I'm writing a crawler in java to crawl some websites, which may have some unicode characters such as "£". When I stored the content (source HTML) in a Java String, these kinds of chars get lost and are replaced by the question mark "?". I'd like to know how to keep them intact. The related code is as follows:
protected String readWebPage(String weburl) throws IOException{
HttpClient httpclient = new DefaultHttpClient();
HttpGet httpget = new HttpGet(weburl);
ResponseHandler<String> responseHandler = new BasicResponseHandler();
String responseBody = httpclient.execute(httpget, responseHandler);
// responseBody now contains the contents of the page
httpclient.getConnectionManager().shutdown();
return responseBody;
}
// function call
String res = readWebPage(url);
PrintWriter out = new PrintWriter(outDir+name+".html");
out.println(res);
out.close();
And later when doing character matches, I also want to be able to do something like:
if(text.indexOf("£")>=0)
I don't know if Java will recognize that character and do as what I want it to do.
Any input will be greatly appreciated. Thanks in advance.
Your non-ASCII characters are either getting lost on input to Java or on output.
Java works with Unicode strings internally so you have to tell it how to decode input and encode output.
Let's assume that HttpClient
is correctly interpreting the response from the remote server and is decoding the response correctly.
Next up, you have to ensure that you encode the contents correctly when you write it to disk. Java uses local environment variables to guess what encoding to use, which may not be suitable. To force the encoding, pass the encoding type to PrintWriter:
PrintWriter out = new PrintWriter(outDir+name+".html", "UTF-8");
Then check your output.html with a text editor, such as Notepad++, running in UTF-8 mode to ensure that you can still see non-ASCII chars.
If you can't then you'll need to turn your attention to the input - HttpClient. See this answer: Set response encoding with HttpClient 3.1 for clues if your remote server is lying about the character encoding.

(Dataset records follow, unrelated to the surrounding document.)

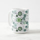 Esta caneca de café cerâmica é mostrada com um bonito design de impressão floral em cores de aqua e verde. Personalize este item ou comprar como está.
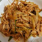 鸡胸肉、大葱、姜、红油辣椒、白糖、花椒面粉、芝麻酱、酱油。
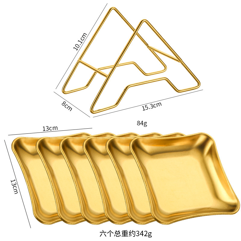 • [골드] 사각 스낵 접시 6개 + A자형 스탠드 1개
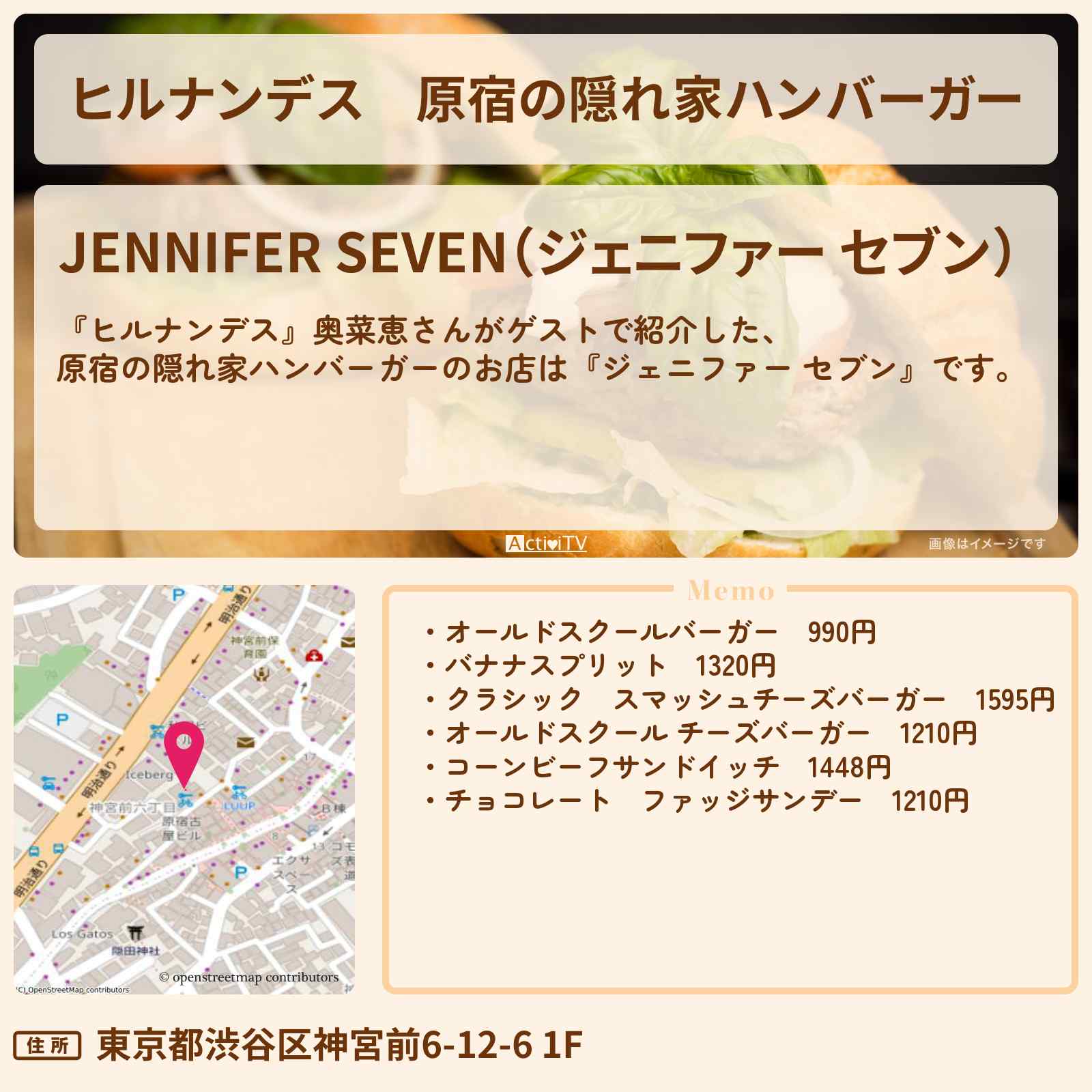 放送の【ヒルナンデス】奥菜恵さんがゲストで紹介した、原宿の隠れ家ハンバーガーのお店は『ジェニファー セブン』です。

In answer to your sub-question. You can use non-ASCII chars, such as "£", in your source code if you tell Java what character encoding your source code is in. This is a parameter to javac
but as you're likely to be using an IDE, you can simply set the character encoding of your file in the properties and the IDE will do the rest. The most portable thing to do is set your character encoding in your IDE to "UTF-8". Eclipse allows you to set the character encoding for the whole project or on individual files.